Source records
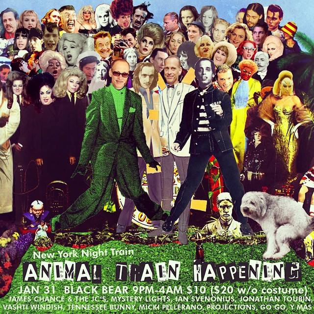 “Get your cha cha heels on for Mortville’s Animal Train Party this Saturday night at 9pm. DJs Jonathan Toubin, Ian Svenonius, Tennessee Bunny and Vashti Windish. Come dressed as your favorite John Waters character and get in for $10. No costume $20. #jameschance #johnwaters #pinkflamingos #williamsburg #brooklyn” – http://instagram.com/p/ycVNCuC8Y3/
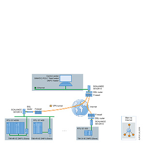 Example of secure TCP/IP-based connection over the Internet via DSL (star topology)
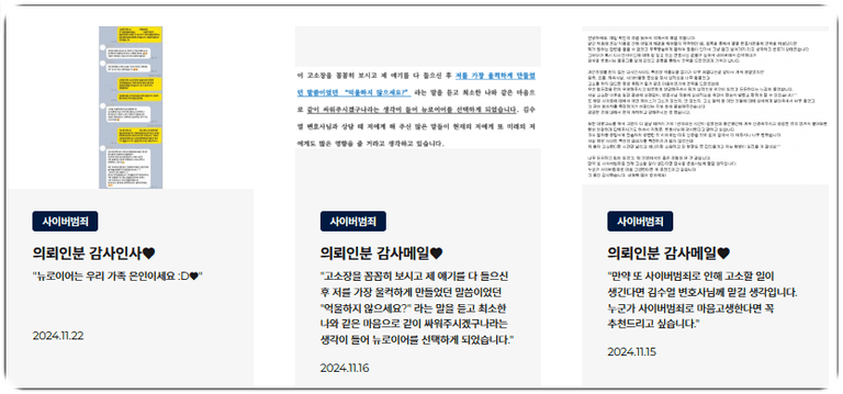 뉴로이어 의뢰인분들 감사 인사 및 후기. - 홈페이지에 더 많은 후기들이 있어요 :)
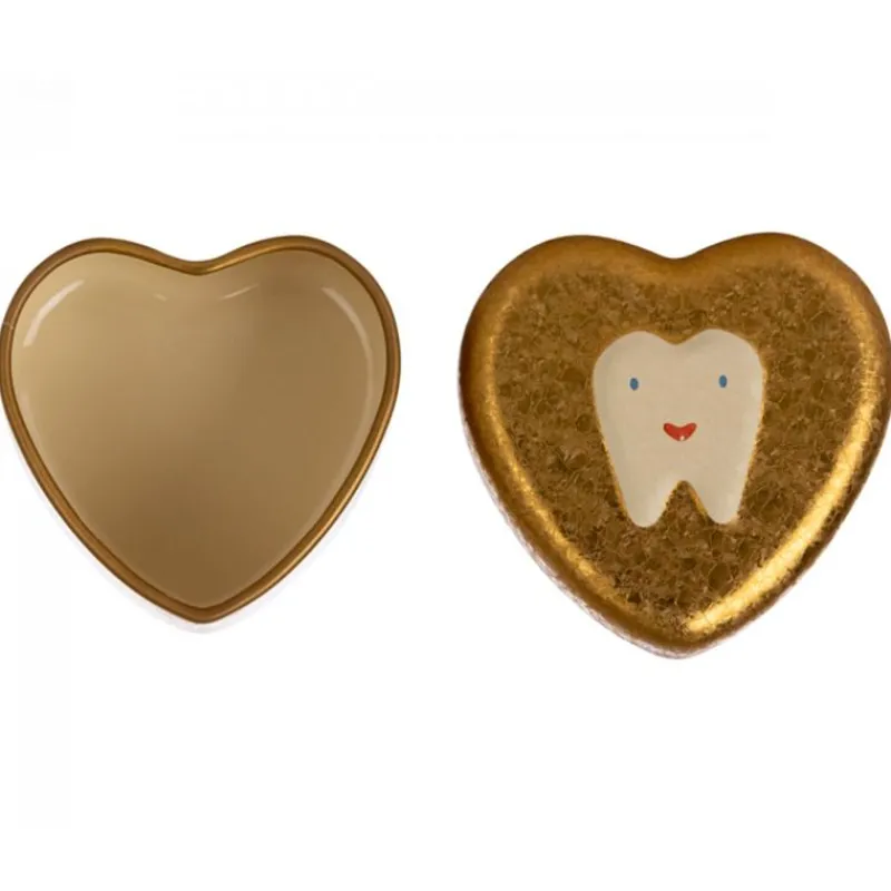 Dette Metalhjerte Er Det Perfekte Sted At Gemme Små Mælketænder For At Sikre, At Barndomsminder Bevares. Æsken Har En Flot Tandprægning På Låget Samt En Særlig Krakeleret Overflade.
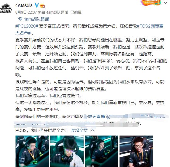 当然,压线晋级的4AM也是承受了不小的舆论压力,对于一些不好的声音,4AM也是发声了,而且很让人感动,正如官博所说,不只是运气,也许还有每一次的深夜练枪。是的,每一个结果都是有过程的,如果只靠运气,何必努力呢?

WORK TASK
Please, without any pictures, retype the records exactly as they appear.

EXERCISE ANSWER
 “Get your cha cha heels on for Mortville’s Animal Train Party this Saturday night at 9pm. DJs Jonathan Toubin, Ian Svenonius, Tennessee Bunny and Vashti Windish. Come dressed as your favorite John Waters character and get in for $10. No costume $20. #jameschance #johnwaters #pinkflamingos #williamsburg #brooklyn” – http://instagram.com/p/ycVNCuC8Y3/
 Example of secure TCP/IP-based connection over the Internet via DSL (star topology)
 뉴로이어 의뢰인분들 감사 인사 및 후기. - 홈페이지에 더 많은 후기들이 있어요 :)
 Dette Metalhjerte Er Det Perfekte Sted At Gemme Små Mælketænder For At Sikre, At Barndomsminder Bevares. Æsken Har En Flot Tandprægning På Låget Samt En Særlig Krakeleret Overflade.
 当然,压线晋级的4AM也是承受了不小的舆论压力,对于一些不好的声音,4AM也是发声了,而且很让人感动,正如官博所说,不只是运气,也许还有每一次的深夜练枪。是的,每一个结果都是有过程的,如果只靠运气,何必努力呢?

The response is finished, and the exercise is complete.